Клинические, лабораторные и инструментальные критерии диагностики.

Клинические проявления при ОМЛ обычно связаны с цитопенией:

Нейтропения - бактериальные инфекции, проявляющиеся как правило лихорадкой.

Анемия - слабость, утомляемость. Общая слабость присутствует у большинства пациентов и может наблюдаться за несколько месяцев до установления диагноза.

Тромбоцитопения - геморрагический синдром в виде петехий, кровоточивости десен, рецидивирующих кровотечений. В некоторых случаях могут наблюдаться оссалгии, В-симптомы (лихорадка, снижение массы тела, выраженная потливость).

В ряде случаев у пациентов в течение нескольких месяцев до обращения может наблюдаться немотивированная слабость. При остром миеломонобластном лейкозе и остром миелобластном лейкозе характерна гиперплазия десен и пациенты могут превоначально обращаться к стоматологу. При физическом обследовании у части пациентов выявляются признаки пролиферативного синдрома - спленомегалия, увеличение лимфатических узлов, кожные лейкемиды. В остальном проявления малоспецифичены и включают симптомы, связанные с анемией и тромбоцитопенией.

Лабораторные исследования: в клиническом анализе крови выявляется нормохромная, нормоцитарная анемия различной степени тяжести. Количество ретикулоцитов в пределах нормы или снижено. У большого числа пациентов обнаруживается тромбоцитопения.
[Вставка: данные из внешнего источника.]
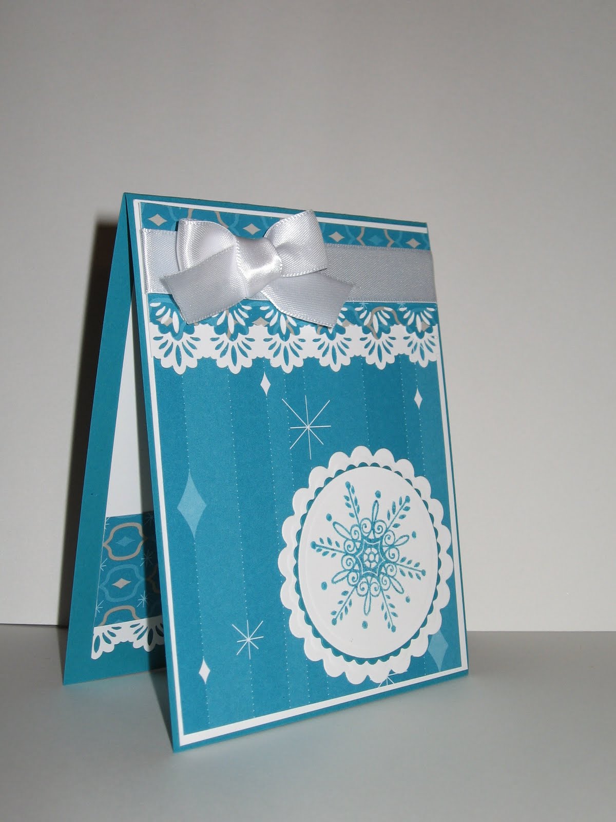 I have to tell you, I only have one more Christmas card to post and that's it for Christmas cards! I will post it tomorrow! My card today is a very simple and quick card. I cased this card from Clean & Simple. Of coarse I changed it up a bit! I stamped serene snowflakes on real red card stock. You can''t see it in the picture but I put silver sticles in the centers and around the edges of the snowflakes. I stamped Merry Christmas from Christmas greetings on the red ribbon with white craft ink. My border is the eyelet border punch from SU. That's it...... pretty simple huh?

В 95% случаев при цитологическом исследовании периферической крови выявляют циркулирующие бласты.

В общем анализе мочи при выраженом геморрагическом синдроме может наблюдаться гематурия.

Исследование костного мозга: костный мозг является основным материалом для верификации диагноза. Миелоидная направленность бластов подветждается на основании следующих признаков:

• палочки Ауэра по данным световой микроскопии;

• по данным цитохимического исследования позитивная реакция на Судан черный В, миелопероксидазу, хлорацетатэстеразу или неспецифическую эстеразу;

• по данным проточной цитометрии идентифицируется эксрессия миелоидных антигенов на бластных клетках.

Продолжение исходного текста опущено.